- The paper presents a self-attention transformer model that synthesizes wearable data by predicting next-day metrics with high cosine similarity and DTW accuracy.
- It employs aggregated FitBit data and autoregressive predictions to generate multi-modal health metrics including heart rate, sleep, and step counts.
- The approach offers a practical solution for overcoming data scarcity and privacy issues, enhancing simulation and tool development in healthcare research.

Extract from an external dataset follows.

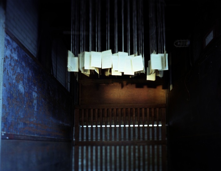 this photograph was made of an installation of book pages suspended from threads in a freight elevator in an abandoned mill in groton, massachusetts

Synthetic Generation of Wearable Health Data Using Self-Attention Models
Introduction
Healthcare research is critically dependent on high-quality health data, which is often scarce and costly to obtain. The recent work by Evidation Healthinsson and Sage Bionetworks introduces an innovative approach to this challenge by generating synthetic wearable data. Leveraging a multi-task self-attention model, the paper demonstrates the generation of realistic data encompassing resting heart rate, sleep, and step counts, garnered from consumer wearables.
Methodology
Data Preparation
The foundation of this model is a dataset sourced from the DiSCover Project, featuring day-level data from FitBit trackers worn by 10,000 participants over a year. Pre-processing involved aggregating minute-level data to daily summaries, handling missing data through imputation, and encoding the continuous variables for modeling.
Model Architecture
The core of the proposed synthetic data generator is a transformer architecture adapted for time-series data. This model comprises decoder layers fine-tuned for autoregressive tasks, employing self-attention mechanisms. Its design accommodates the generation of multi-modal data (heart rate, steps, sleep) by predicting future activity based on historical data, a task facilitated by causally masking future information in the training phase.

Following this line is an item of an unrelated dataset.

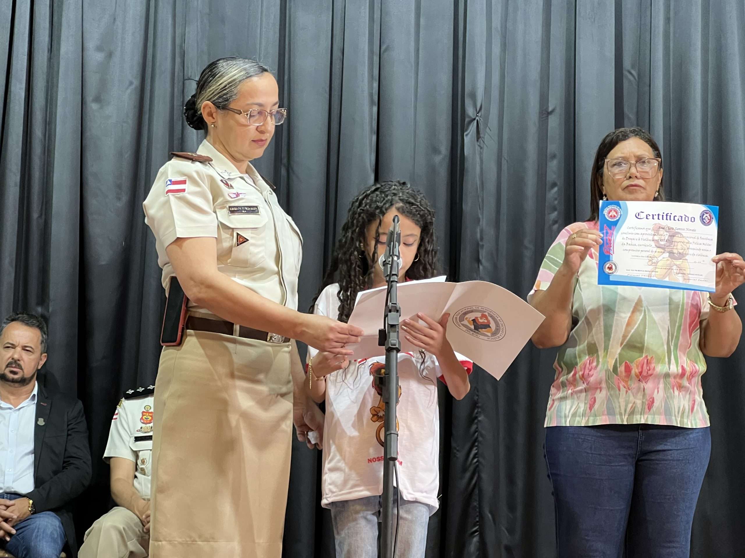 Ao final da formatura, os alunos proferiram o juramento e juntamente com os instrutores, cantaram a canção do PROERD, emocionando a todos os que estavam presente.

Training involved comparative analysis across models varying in the amount of training data, demonstrating the benefits of larger datasets for model performance. The generation of new sequences was executed through autoregressive prediction, utilizing a prompt sequence from a held-out set to kickoff prediction.
Results
Evaluation Metrics
The paper assesses the model's performance using several measures:
- Prediction accuracy against real-world data
- Visual comparison of real and synthetically generated sequences
- Quantitative assessment through cosine similarity and dynamic time warping (DTW) distances
- Distribution analysis on a UMAP manifold
Key Findings
The model exhibited strong performance, especially when trained with the full dataset, showing notable improvement in predictive accuracy for next-day activity metrics. Visual and quantitative comparisons confirm the generated data's realism, with similarity scores approaching those within real data sets. Furthermore, the manifold analysis illustrated that synthetic sequences align closely with the real data's distribution, albeit with some discrepancies in density likely attributing to sampling bias.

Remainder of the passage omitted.